Ein Wechsel des nächstliegenden Standes der Technik von D2 zu D11 entspräche einer komplett anderen Angriffsstrategie, im Rahmen derer beispielsweise ganz andere objektive technische Aufgaben zu diskutieren wären.

Das Vorbringen der Einsprechenden ausgehend von D11 sei daher nicht zuzulassen.

Entscheidungsgründe

1. Die Beschwerde ist zulässig.

2. Das Streitpatent

Das Streitpatent betrifft einen für Vibrationsramm­geräte geeigneten Schwingungserzeuger, bei dem ein hydraulischer Antrieb Wellen mit Unwuchtgewichten antreibt. Ein Phasenunterschied zwischen den Wellen und damit den Unwuchtgewichten wird mechanisch durch einen Schwenkmotor eingestellt.

Ein Betrieb von Schwingungserzeugern in unterschied­lichen Drehzahlbereichen in Abhängigkeit von der Umge­bung ist dabei vorteilhaft (Absatz [4]). Bei hydrau­lischen Antrieben hängt jedoch die Leistung von der Drehzahl ab, so dass je nach Drehzahl unter Umständen nicht die maximal mögliche Leistung genutzt werden kann. Da auch das Schluckvolumen mit der Drehzahl zusammenhängt (siehe Absatz [7]), schlägt das Streit­patent vor, einen hydraulischen Antrieb mit veränder­lichem Schluckvolumen vorzusehen, um über eine An­passung des Schluckvolumens eine Anpassung der Leistung an verschiedene Drehzahlbereiche zu ermöglichen (Absatz [6]).

3. Dokument D2

Das Dokument D2 betrifft ein Vibrationsrammgerät. Dabei werden zwei Wellenpaare von je einem hydraulischen Motor angetrieben. Deren Drehzahlen können individuell eingestellt werden. Auf beiden Wellenpaaren sind Unwuchtgewichte angeordnet.

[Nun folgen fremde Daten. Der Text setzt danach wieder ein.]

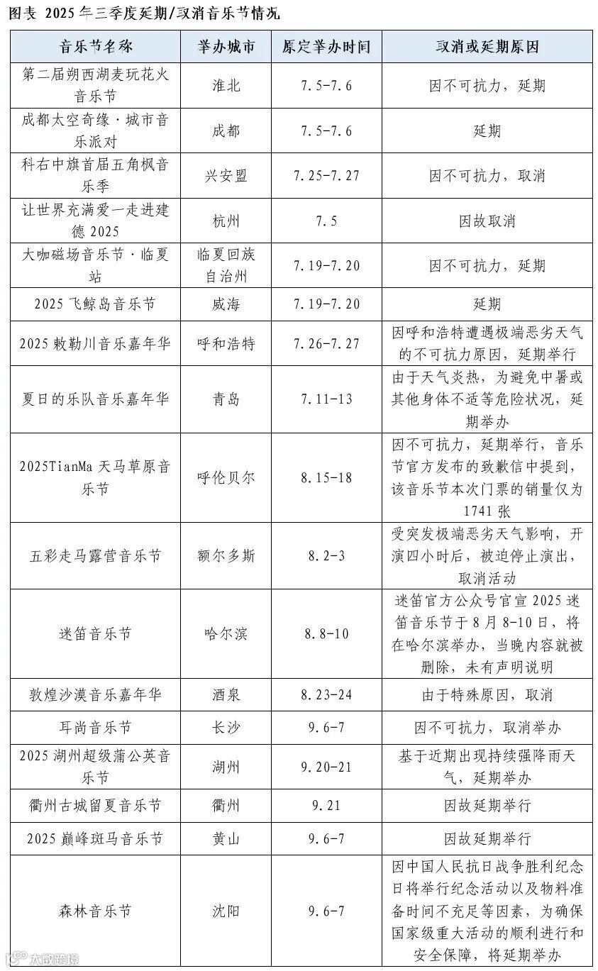 延期/取消:17个音乐节延期/取消。

Der Phasenunterschied zwischen den zwei Wellenpaaren wird dadurch eingestellt, dass die Wellenpaare kurzzeitig mit unterschiedlichen Drehzahlen angetrieben werden. Dadurch kann auf einen im Allgemeinen anfälligen mechanischen Phasenschieber verzichtet werden (Absatz [5]).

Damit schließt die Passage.